Далее передачку просматривает шеф, главный редактор, и выносит окончательный приговор: «Пойдет». Шеф также ставит мне в вину, что в последнее время я пишу для них редко, а хотелось, чтобы почаще, я обещаю, что будем стараться, глупо улыбаюсь и сматываюсь, наконец. Сам же решаю: пока эта писанина не выела мозги и не испортила перо, надо кончать! Любая работа по жестко заданной программе для художника все равно, что низкооктановый, экономичный бензинчик для двигателя, рассчитанного на высокую степень сжатия. И хотя на дешевом горючем движок тоже тянет, все равно до срока запорется. Постоянно выгадывая на мелочах, всегда проиграешь в главном. Но движок-то ладно, железо; капремонт — и нет проблем, а вот если себя запорешь — хана, это, как говорится, восстановлению не подлежит.

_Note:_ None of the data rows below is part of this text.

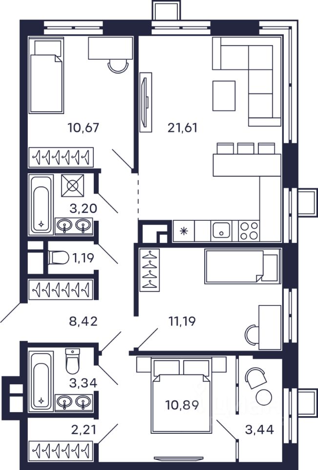 Продаётся 3-комнатная квартира в сданном доме ( 2 очередь (Корпус 8)), срок сдачи: II-кв. 2025, общей площадью 74.03 кв.м., на 24 этаже. Многофункциональный комплекс ''Тетрис'' будет построен в Красногорске - районном центре МО в Железнодорожном переулке.От ЖК до МКАД - примерно 2,7 км по Волоколамскому шоссе, до которого от комплекса менее 100 м.Ближе всего к ЖК находятся станции метро ''Мякинино'' (2,6 км), ''Волоколамская'' (3 км) ''Митино'' (3,3 км), чуть дальше - ''Пятницкое шоссе'', ''Строгино'', ''Спартак'' и ''Тушинская''.Всего 200 м от ЖК расположена железнодорожная платформа Павшино, от которой полчаса на электричке до Рижского вокзала (метро ''Рижская''), а до платформы Тушино (метро ''Тушинская'') - 10 минут. Около платформы Павшино есть и автовокзал.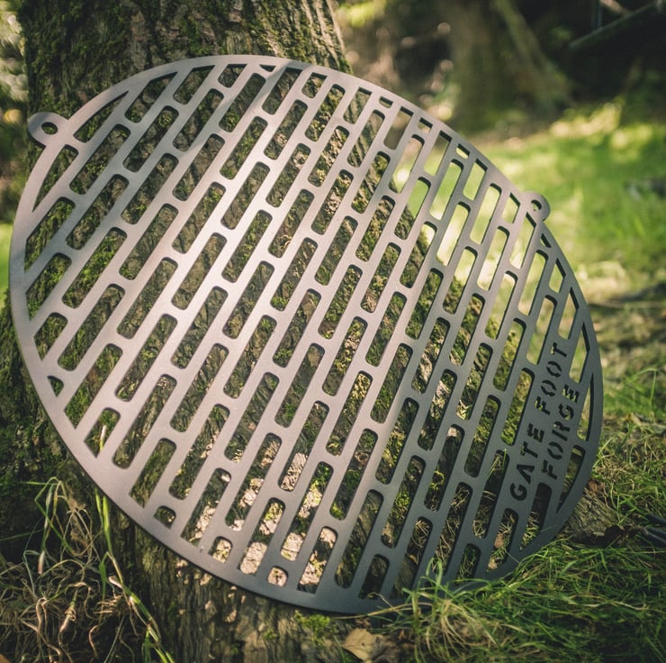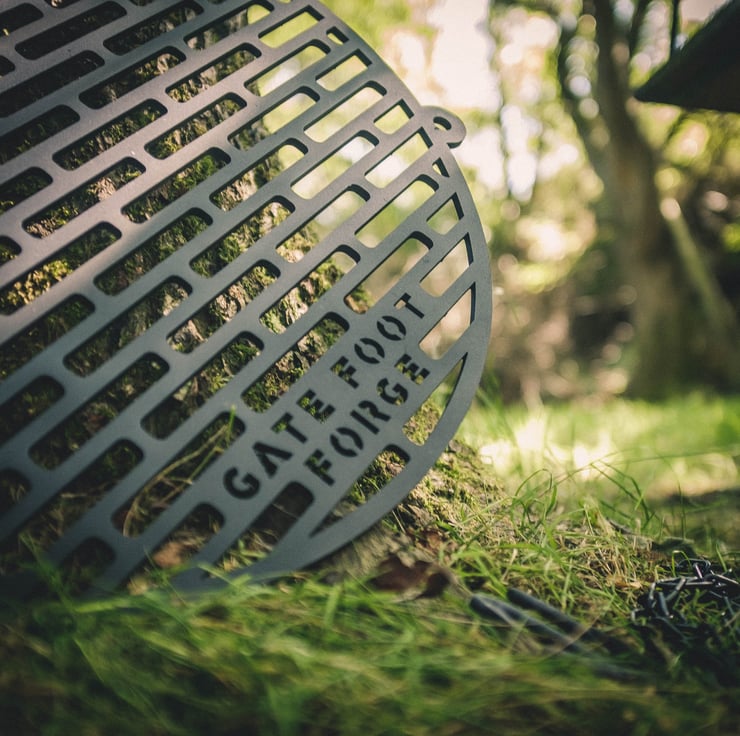The standard round hanging grill is 50cm across and is sized to fit my standard 1m tripod. The grill is precision-cut from 6mm steel and is supplied with a set of 60cm long chains, linked into a forged ring, with three hand-forged hooks S hooks which allow it to be suspended. The height can be adjusted by hooking the grill into different links on the chains.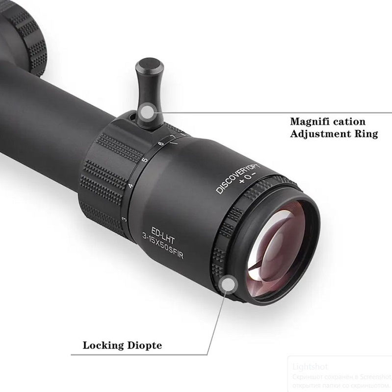 Будьте первым! Поставьте оценку, оставьте отзыв о товаре Прицел оптический Discovery ED-LHT 3-15x50 FFP SF із сіткою SFAI CT IR-MIL та підсвічуванням :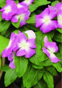 The Mega Bloom series, bred in Thailand, boasts enormous flowers on nice, compact plants. These vinca require zero plant growth regulation.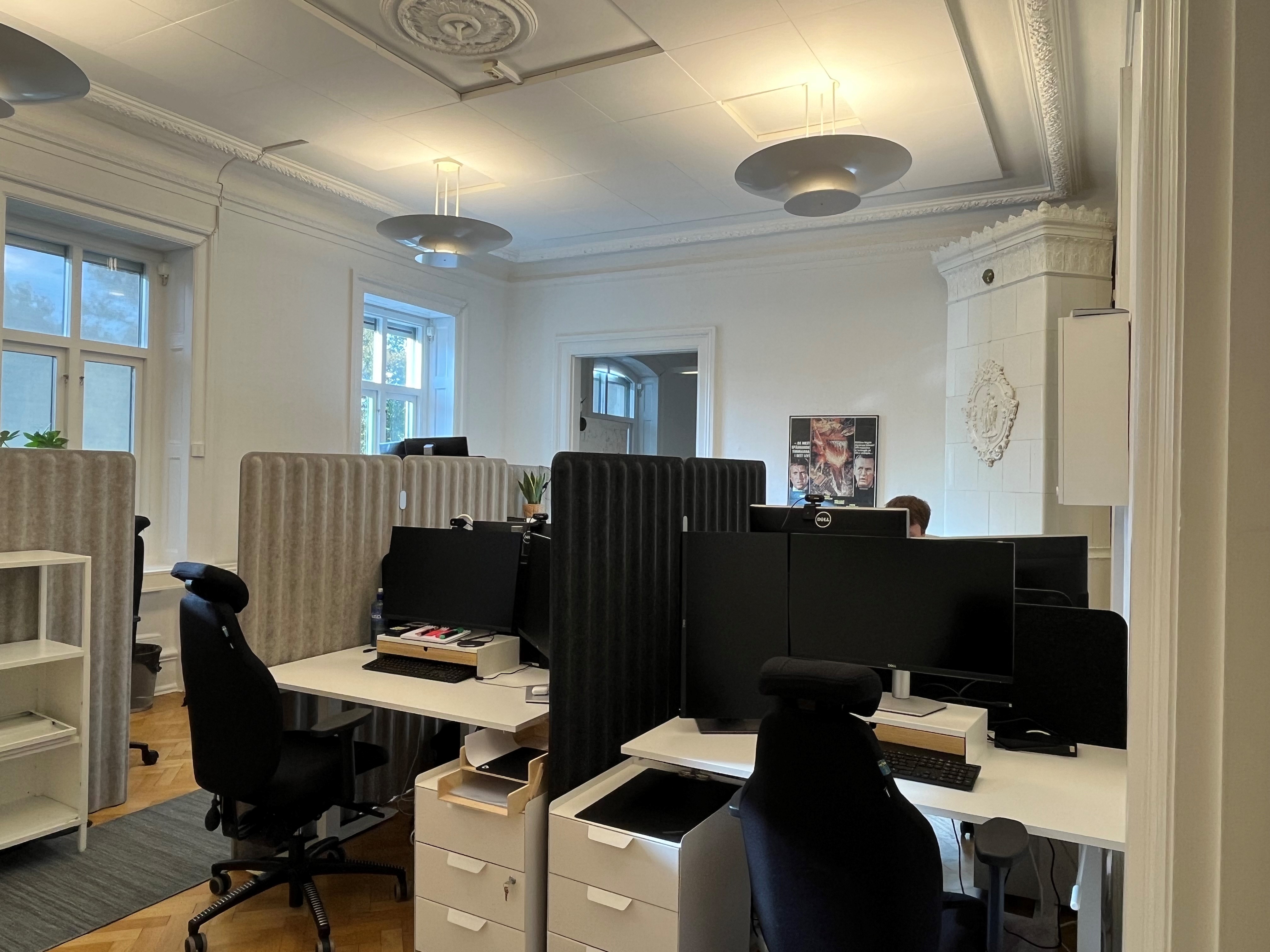 Trevlig kontorslokal i anrik fastighet mitt på Gustav Adolfs torg i Malmö. Här erbjuds en sekelskifteslokal med mycket karaktär och underbar utsikt över Gustav Adolfs torg. Lokalen erbjuder högt i tak med öppen känsla. Totalt finns det sju rum i varierande storlekar i lokalen. Flera av rummen kan användas till öppen sittning där det får plats från 4-8 medarbetare. I lokalen finns även rum som passar som enmanskontor. I mitten av lokalen finns ett större kök med plats för sittning. Toaletter samt dusch finns att tillgå.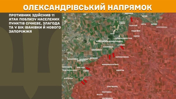 На Олександрівському напрямку противник учора здійснив 11 нападів поблизу населених пунктів Січневе, Злагода та в напрямку Іванівки й Нового Запоріжжя.

Путь мой лежит в центр Москвы, к памятнику Юрию Долгорукому, возле которого, будучи в сержантской «учебке», я стоял на посту во время майской демонстрации трудящихся, бредущих с лозунгами, флажками и воздушными шариками в сторону Красной площади, к Мавзолею, под покровительственные взоры стоящих на его верхотуре членов Политбюро, одетых в одинаковые номенклатурные пальто и шляпы.
По правую долгорукую конечность памятника располагался престижный домина, во дворе которого, в железных частных гаражах трудился мой знакомый — Валера Раскин, в миру — скромный инженер одного из сотен оборонных «ящиков», то бишь секретных предприятий.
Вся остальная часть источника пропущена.